#### Records supplied ####
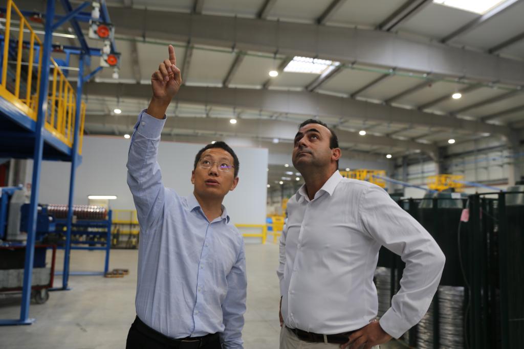 10月3日,在葡萄牙北部奧瓦爾市,亨通集團駐葡萄牙的設備經理劉建龍(左)與阿爾科夫雷電纜廠首席運營官卡洛斯·格蘭雅討論技術問題。新華社記者荀偉攝
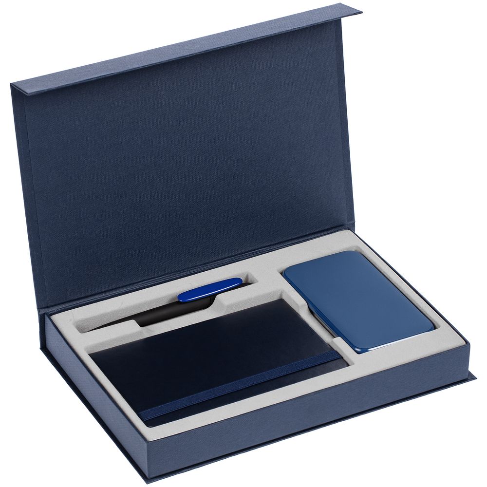 Коробка Silk с ложементом под ежедневник 10x16 см, аккумулятор и ручку, синяя
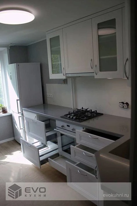 Кухни все изготавливаются по индивидуальному заказу. Мы подготовим дизайн-проект под любое помещение и конфигурацию. В зависимости от выбранных фасадов сможем изготовить нестандартные модули и размеры. Однако есть редкие исключения видов фасадов, по которым невозможны нестандарты, об этом вас предупредит дизайнер при выборе материалов для проекта.
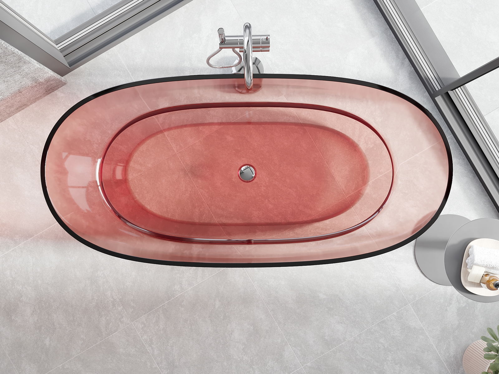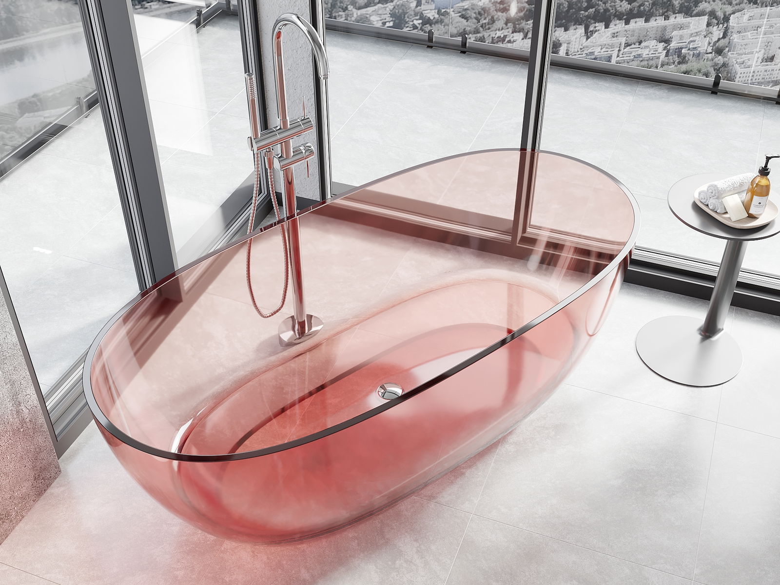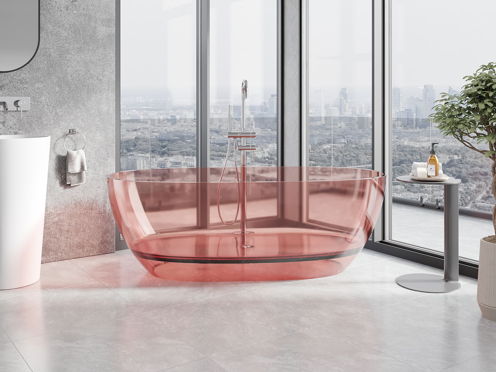 Je to moderný materiál, ktorý kombinuje elegantný vzhľad s vysokou trvanlivosťou. Je odolný proti mechanickému poškodeniu, ľahko sa čistí a je príjemný na dotyk. Transparentná forma a tenký okraj vane jej dodávajú ľahkosť a unikátny charakter, čím vytvárajú efektný prvok v usporiadaní kúpeľne.
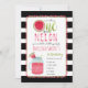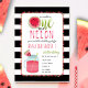 Tema do primeiro aniversário da melancia com a frase "um num melão" com fatia de melancia incorporada em design. Borda é pom inspirado. O fundo é uma faixa branca e preta. Mason jar melancia bebe no fundo.
####
Make an exact copy of the records above, one that has none of the pictures.

-- Completed task --
 10月3日,在葡萄牙北部奧瓦爾市,亨通集團駐葡萄牙的設備經理劉建龍(左)與阿爾科夫雷電纜廠首席運營官卡洛斯·格蘭雅討論技術問題。新華社記者荀偉攝
 Коробка Silk с ложементом под ежедневник 10x16 см, аккумулятор и ручку, синяя
 Кухни все изготавливаются по индивидуальному заказу. Мы подготовим дизайн-проект под любое помещение и конфигурацию. В зависимости от выбранных фасадов сможем изготовить нестандартные модули и размеры. Однако есть редкие исключения видов фасадов, по которым невозможны нестандарты, об этом вас предупредит дизайнер при выборе материалов для проекта.
 Je to moderný materiál, ktorý kombinuje elegantný vzhľad s vysokou trvanlivosťou. Je odolný proti mechanickému poškodeniu, ľahko sa čistí a je príjemný na dotyk. Transparentná forma a tenký okraj vane jej dodávajú ľahkosť a unikátny charakter, čím vytvárajú efektný prvok v usporiadaní kúpeľne.
 Tema do primeiro aniversário da melancia com a frase "um num melão" com fatia de melancia incorporada em design. Borda é pom inspirado. O fundo é uma faixa branca e preta. Mason jar melancia bebe no fundo.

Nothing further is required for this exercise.